Hvar

Hvar is a Croatian island in the Adriatic Sea, located off the Dalmatian coast between the islands of Brač (Brac), Vis and Korčula (Korcula). Approximately 68 km (42.25 mi) long, with a high east-west ridge. The island of Hvar is unusual in the area for having a large fertile coastal plain, and fresh water springs. Its hillsides are covered with pine forests, vineyards, olive groves, fruit orchards and lavender fields in the agricultural areas. The climate is characterized by mild winters, and warm summers with many hours of sunshine. The island has 11,103 residents, making it the 4th most populated of the Croatian islands.

Hvar’s location at the center of the Adriatic sailing routes has long made this island an important base for commanding trade up and down the Adriatic. It has been inhabited since pre-historic times, originally by a Neolithic people whose distinctive pottery gave rise to the term Hvar culture and later by the Illyrians. The ancient Greeks founded the colony of Pharos in 384 BC on the site of today’s Stari Grad, making it one of the oldest towns in Europe. They were also responsible for setting out the agricultural field divisions of the Stari Grad Plain, now a UNESCO World Heritage Site. In medieval times, Hvar Croatia rose to importance within the Venetian Empire as a major naval base. Prosperity brought culture and the arts, with one of the first public theatres in Europe.

Hvar Croatia

Quick Info About The Weather on Hvar

The climate of Hvar Croatia is characterized by mild winters and warm summers. The yearly average air temperature is 16 °C (61 °F), 703 mm (27.7 in) of precipitation fall on the town of Hvar on average every year and the town has a total of 2800 sunshine hours per year. For comparison Hvar has an average of 7.7 sunshine hours per day while Dubrovnik has 7.2. The sea temperatures average from the lowest readings in February of 14 °C (57 °F) to their warmest during summer, when the sea temperatures usually stay between 23 °C (73 °F) to 27 °C (81 °F).
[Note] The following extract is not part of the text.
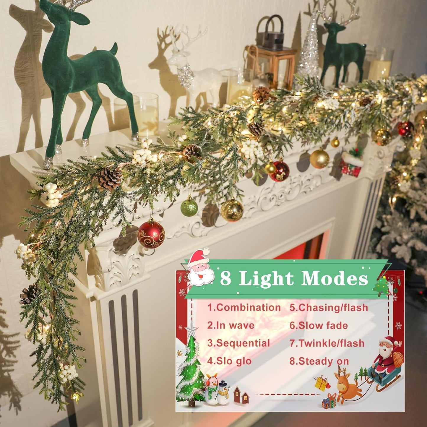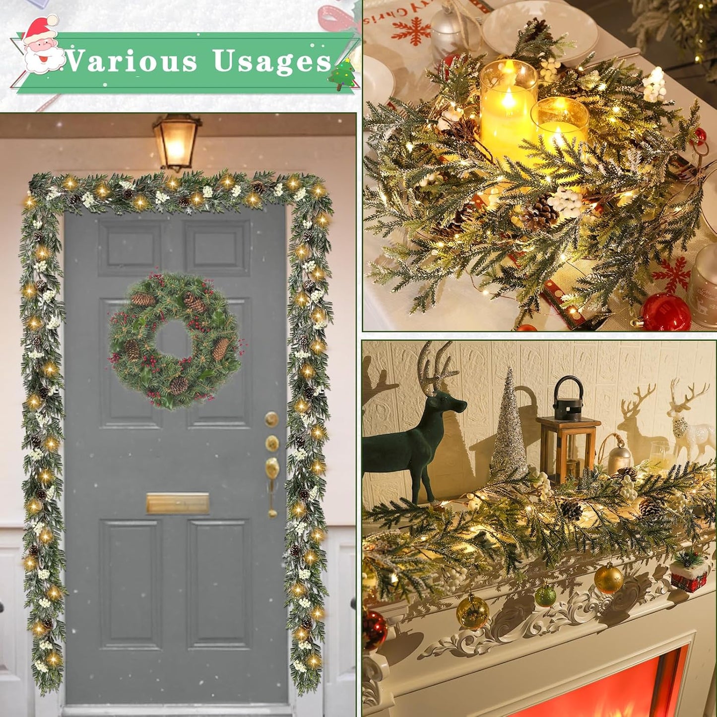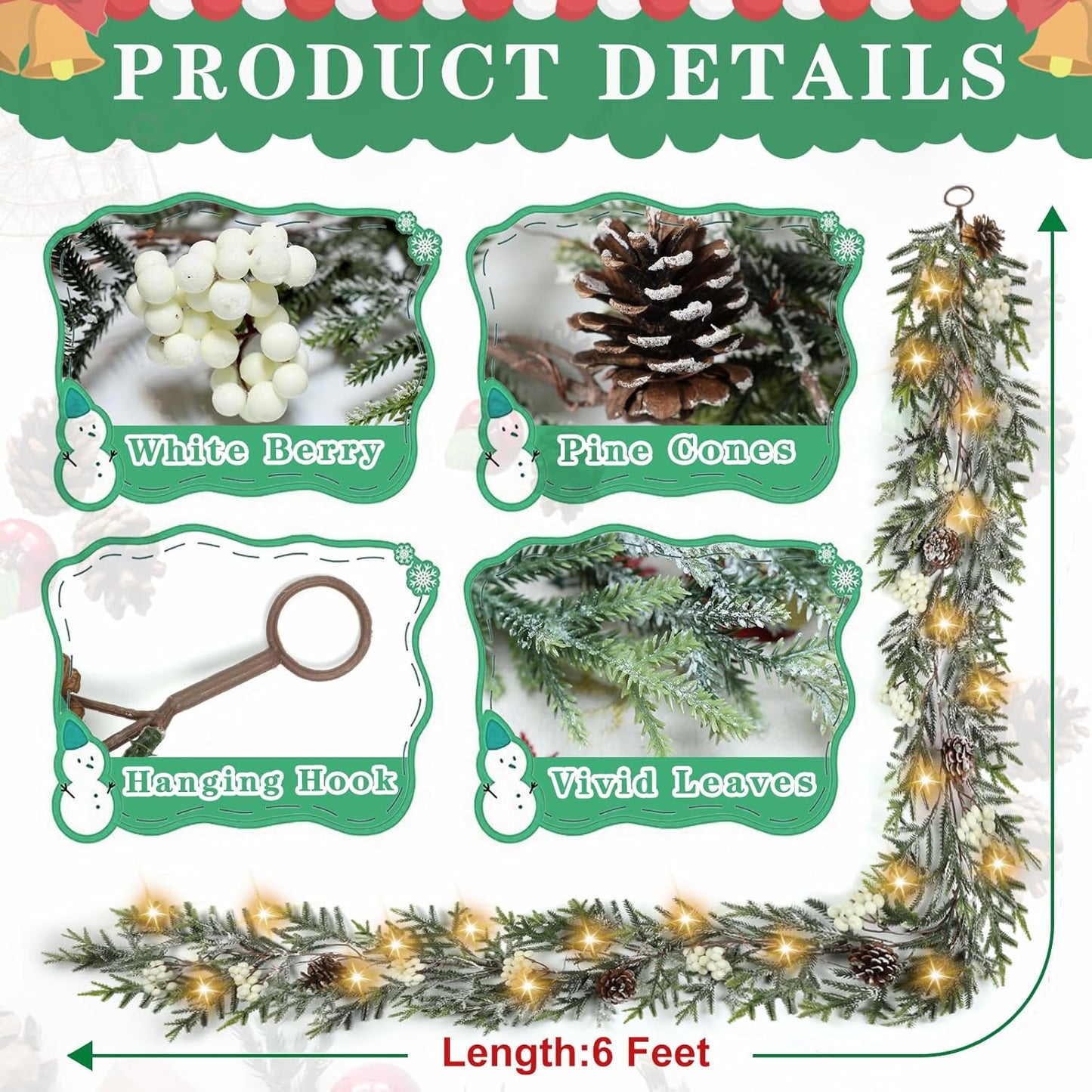6FT Christmas Garland with Lights, Christmas Decorations Indoor Outdoor Pre-lit Artificial Pine Garland with Battery Operated Timer, Home Holiday Decor Flocked Garland for Mantel Window Stairs Wall

Hvar Cathedral of St. Stephan

Hvar Croatia - How to Get There

The island has a branched network of roads. Jelsa, Starigrad and Hvar are connected by a modern road with the tunnel. A network of narrow and bad roads connects the entire island, from Sucuraj to Hvar Croatia.Regular ferry connections with the mainland are in the Old Town and Sucuraj. Quick passenger ships connect Jelsa and Hvar to Split.In Starigard Field there is a small general aviation aeroport with a grassy trail.